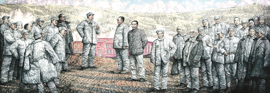 东方红——杨家岭1945(国画)毕建勋 215cm×635cm
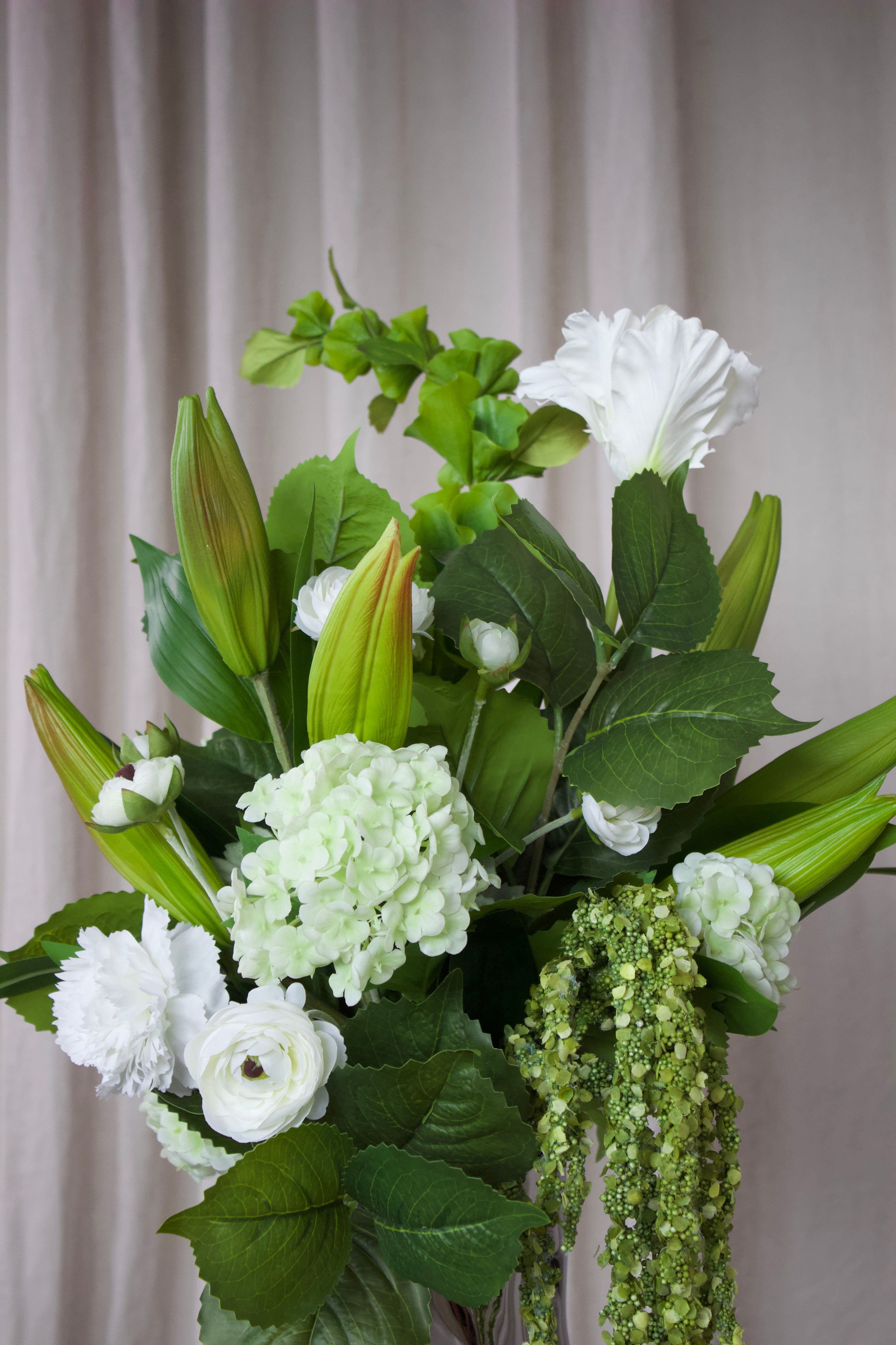 Green Thumb ist ein üppiger und üppiger Strauß mit viel Volumen, der ihm ein lebendiges und natürliches Aussehen verleiht. Er vereint Ästhetik und Leichtigkeit und verleiht dem Raum ein Gefühl von Reinheit und Harmonie. Ideal für alle, die ein schönes und neutrales Statement in ihrer Einrichtung suchen.
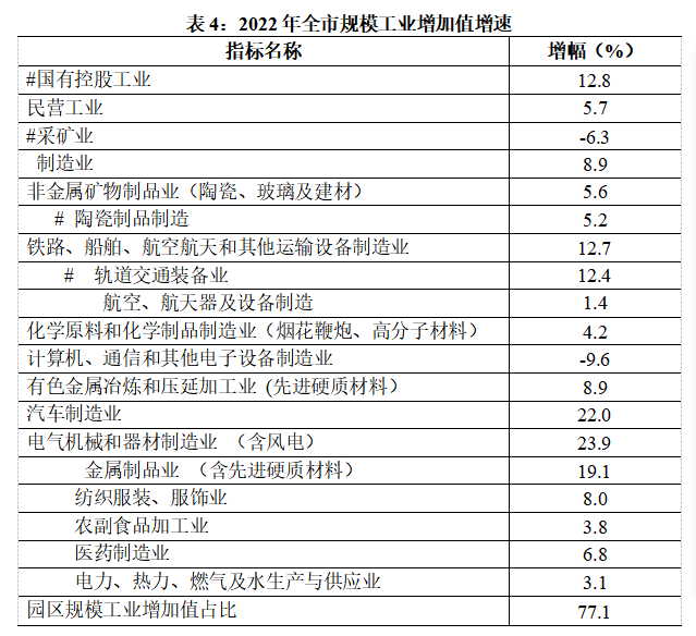 全年规模工业增加值增长8.3%,分经济类型看,国有控股工业增长12.8%,民营工业增长5.7%;分三大门类看,采矿业下降6.3%,制造业增长8.9%,电力、热力、燃气及水生产和供应业增长3.1%;分行业看,铁路、船舶、航天航空和其他运输设备制造业增长12.7 %,汽车制造业增长22.0 %,纺织服装、服饰业增长8%,化学原料和化学制品制造业增长4.2 %,医药制造业增长6.8%、农副食品加工制造业增长3.8 %,陶瓷制品制造业增长5.2%,有色金属冶炼和压延加工业增长8.9 %,计算机、通信和其他电子设备制造业下降9.6 %。省级及以上产业园区工业增加值增长10.4%,占规模工业比重为77.1%。全年规模工业企业营业收入增长7.7%,利润增长32.5%。百元营业收入成本79.18 %,下降0.6%。
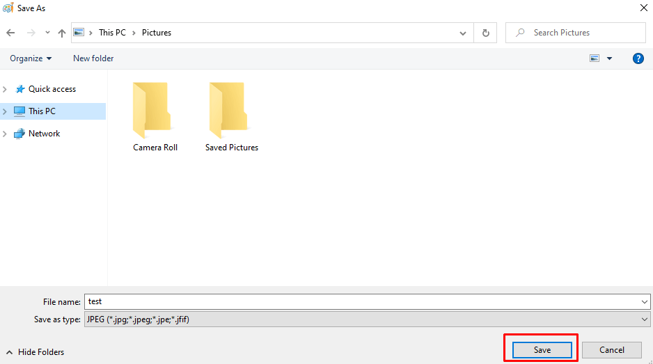 - Choose a folder where you’ll save the converted image. Rename it if you want and click the Save button.
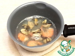 Креветки и мидии залейте водой, добавьте соль и варите 1 минуту, слейте воду и остудите.
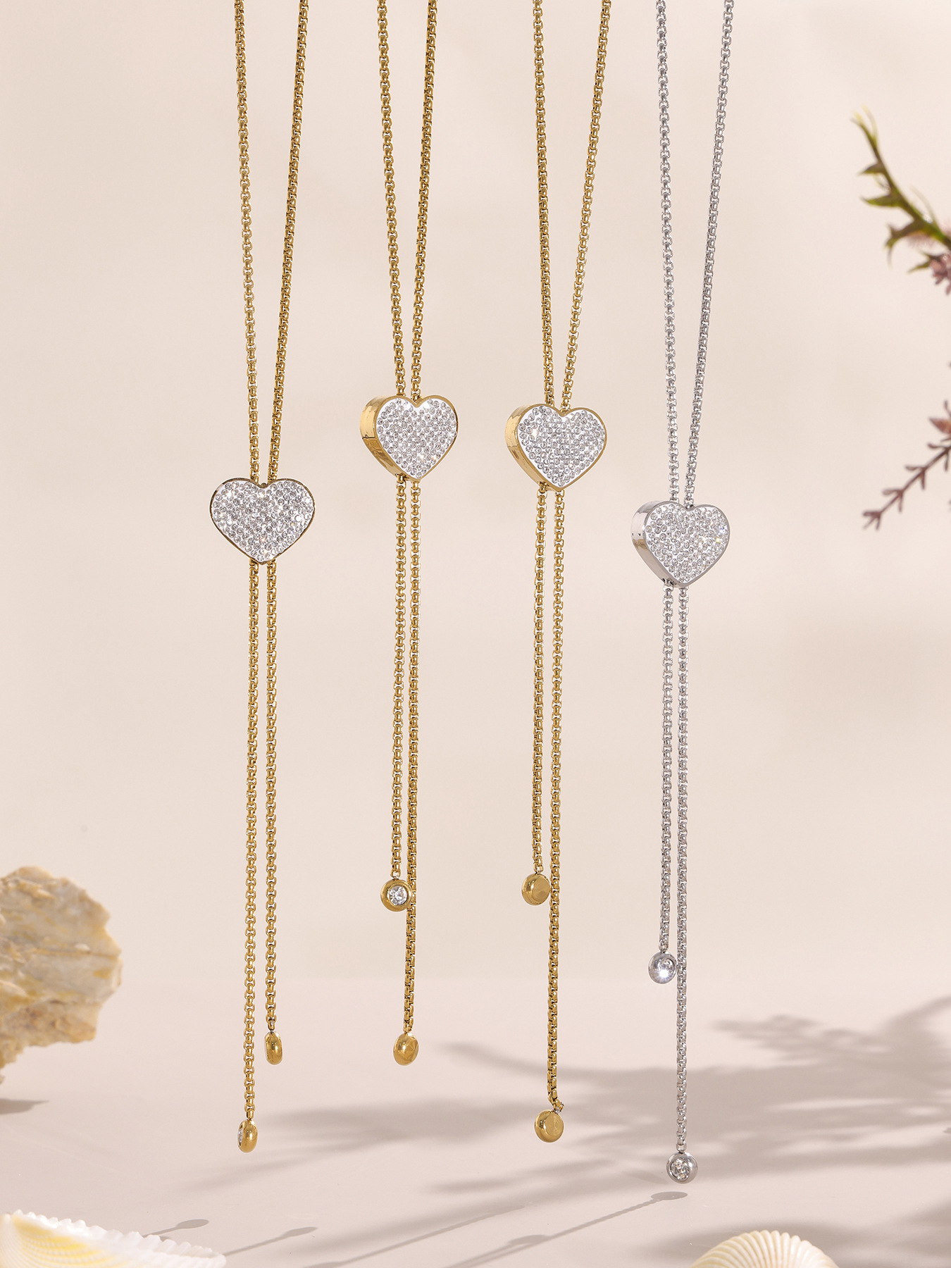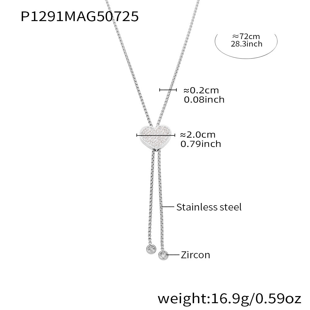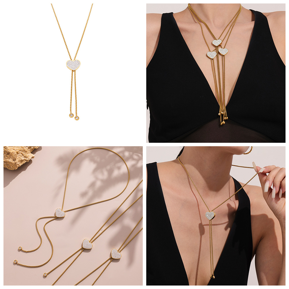 18K Gold Plated Stainless Steel Long Tassel Necklace – Sparkling Heart Zircon Pendant
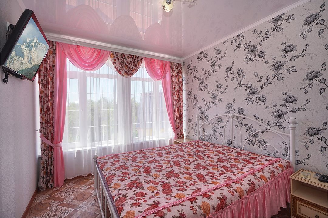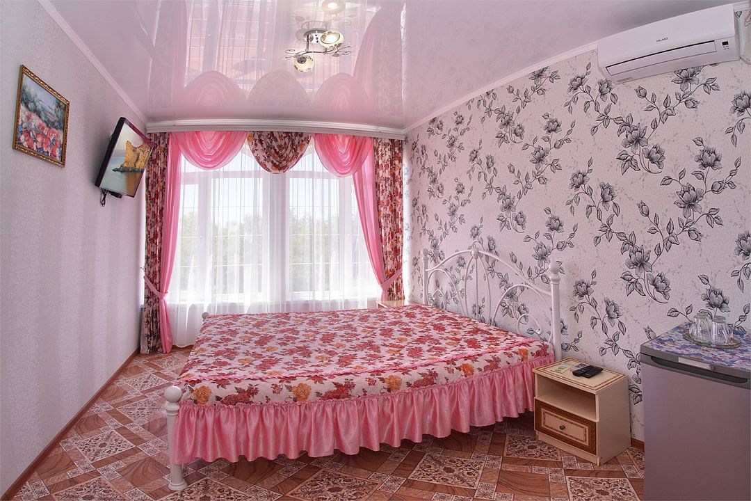 телевизор, Wi-Fi, кондиционер, фен, санузел, банные полотенца, двуспальная кровать, тумбы, шкаф для одежды, зеркало, сейф, раковина, душ, вид во двор, стаканы, стол, туалетные средства, мини-холодильник, пуфик, общественный бассейн, уборка номера, вешалки-плечики, мыло, вода из артезианской скважины, прачечная (за дополнительную плату), без питомцевВ гостиничном номере

------------------------

Work to complete:
Each line from the one with "Креветки и мидии" to the end of the material needs to be output word for word, with no picture included.

Answer for the task:
 Креветки и мидии залейте водой, добавьте соль и варите 1 минуту, слейте воду и остудите.
 18K Gold Plated Stainless Steel Long Tassel Necklace – Sparkling Heart Zircon Pendant
 телевизор, Wi-Fi, кондиционер, фен, санузел, банные полотенца, двуспальная кровать, тумбы, шкаф для одежды, зеркало, сейф, раковина, душ, вид во двор, стаканы, стол, туалетные средства, мини-холодильник, пуфик, общественный бассейн, уборка номера, вешалки-плечики, мыло, вода из артезианской скважины, прачечная (за дополнительную плату), без питомцевВ гостиничном номере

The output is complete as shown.